Task item
When you reach the records below, output every one exactly as written but leave out any pictures.

-------- Source data

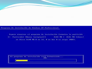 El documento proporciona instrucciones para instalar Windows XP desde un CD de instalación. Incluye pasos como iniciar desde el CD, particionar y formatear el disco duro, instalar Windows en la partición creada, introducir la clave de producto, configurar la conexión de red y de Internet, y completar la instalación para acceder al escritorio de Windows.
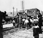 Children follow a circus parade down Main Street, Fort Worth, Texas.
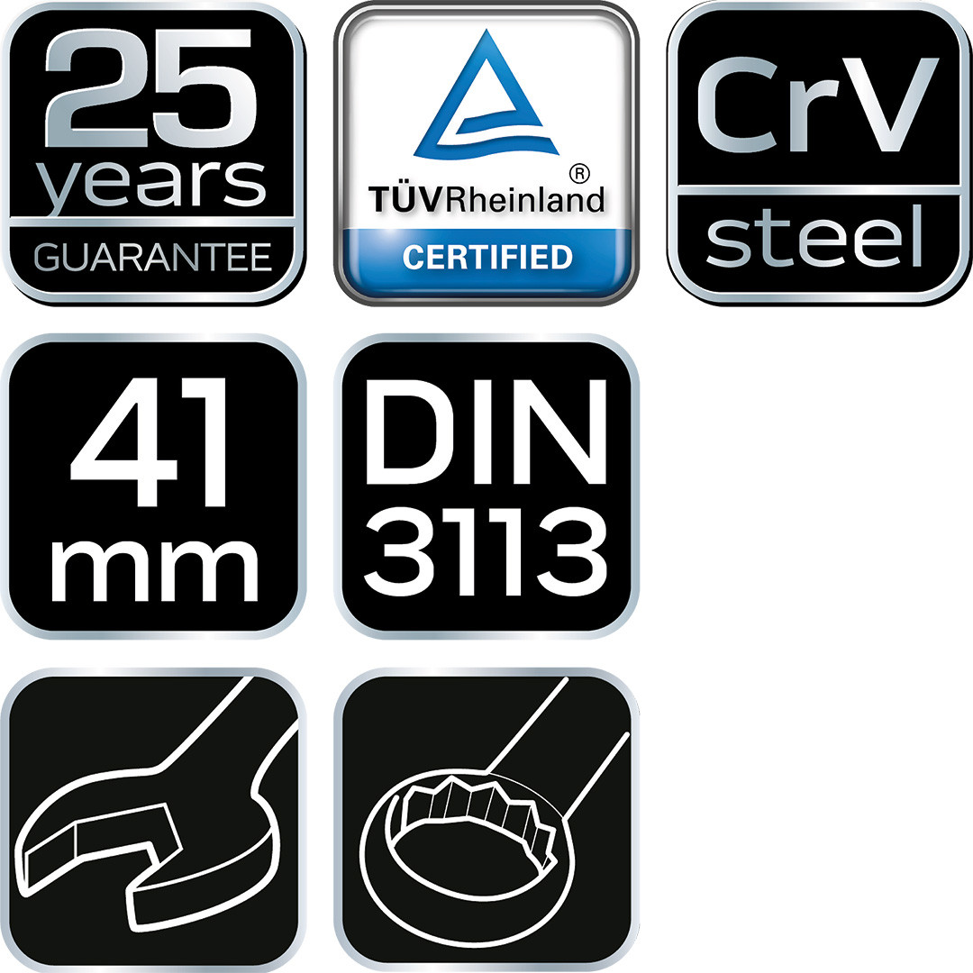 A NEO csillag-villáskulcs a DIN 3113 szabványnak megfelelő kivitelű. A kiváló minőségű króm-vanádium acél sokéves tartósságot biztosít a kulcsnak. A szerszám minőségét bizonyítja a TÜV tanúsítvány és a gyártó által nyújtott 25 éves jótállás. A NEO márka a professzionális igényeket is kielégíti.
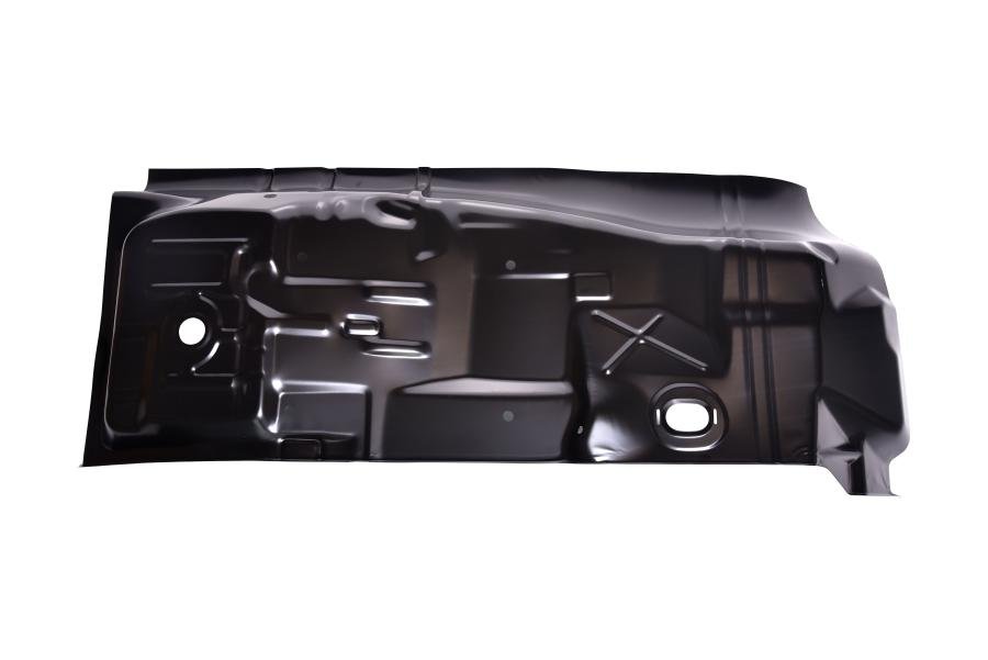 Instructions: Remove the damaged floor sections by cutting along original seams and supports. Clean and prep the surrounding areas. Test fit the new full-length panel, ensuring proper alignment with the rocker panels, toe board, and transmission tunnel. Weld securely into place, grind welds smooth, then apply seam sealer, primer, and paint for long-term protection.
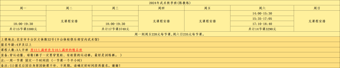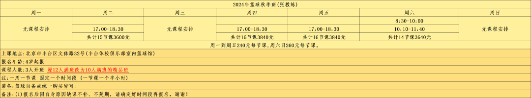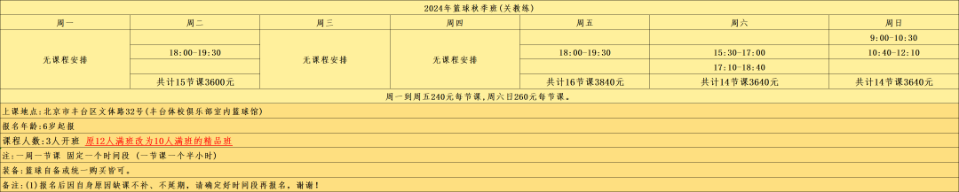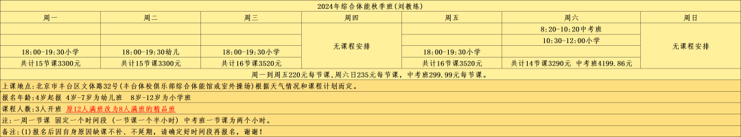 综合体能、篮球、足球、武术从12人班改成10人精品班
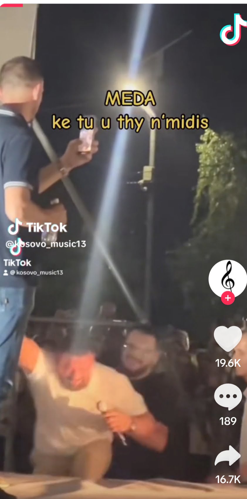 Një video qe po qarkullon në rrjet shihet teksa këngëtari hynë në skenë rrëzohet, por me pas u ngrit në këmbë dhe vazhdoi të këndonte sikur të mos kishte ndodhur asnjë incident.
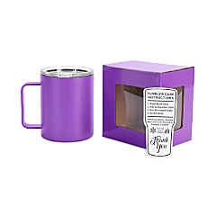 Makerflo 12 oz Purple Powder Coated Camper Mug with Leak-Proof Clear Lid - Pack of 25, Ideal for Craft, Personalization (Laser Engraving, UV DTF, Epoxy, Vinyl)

----------------

Result
 El documento proporciona instrucciones para instalar Windows XP desde un CD de instalación. Incluye pasos como iniciar desde el CD, particionar y formatear el disco duro, instalar Windows en la partición creada, introducir la clave de producto, configurar la conexión de red y de Internet, y completar la instalación para acceder al escritorio de Windows.
 Children follow a circus parade down Main Street, Fort Worth, Texas.
 A NEO csillag-villáskulcs a DIN 3113 szabványnak megfelelő kivitelű. A kiváló minőségű króm-vanádium acél sokéves tartósságot biztosít a kulcsnak. A szerszám minőségét bizonyítja a TÜV tanúsítvány és a gyártó által nyújtott 25 éves jótállás. A NEO márka a professzionális igényeket is kielégíti.
 Instructions: Remove the damaged floor sections by cutting along original seams and supports. Clean and prep the surrounding areas. Test fit the new full-length panel, ensuring proper alignment with the rocker panels, toe board, and transmission tunnel. Weld securely into place, grind welds smooth, then apply seam sealer, primer, and paint for long-term protection.
 综合体能、篮球、足球、武术从12人班改成10人精品班
 Një video qe po qarkullon në rrjet shihet teksa këngëtari hynë në skenë rrëzohet, por me pas u ngrit në këmbë dhe vazhdoi të këndonte sikur të mos kishte ndodhur asnjë incident.
 Makerflo 12 oz Purple Powder Coated Camper Mug with Leak-Proof Clear Lid - Pack of 25, Ideal for Craft, Personalization (Laser Engraving, UV DTF, Epoxy, Vinyl)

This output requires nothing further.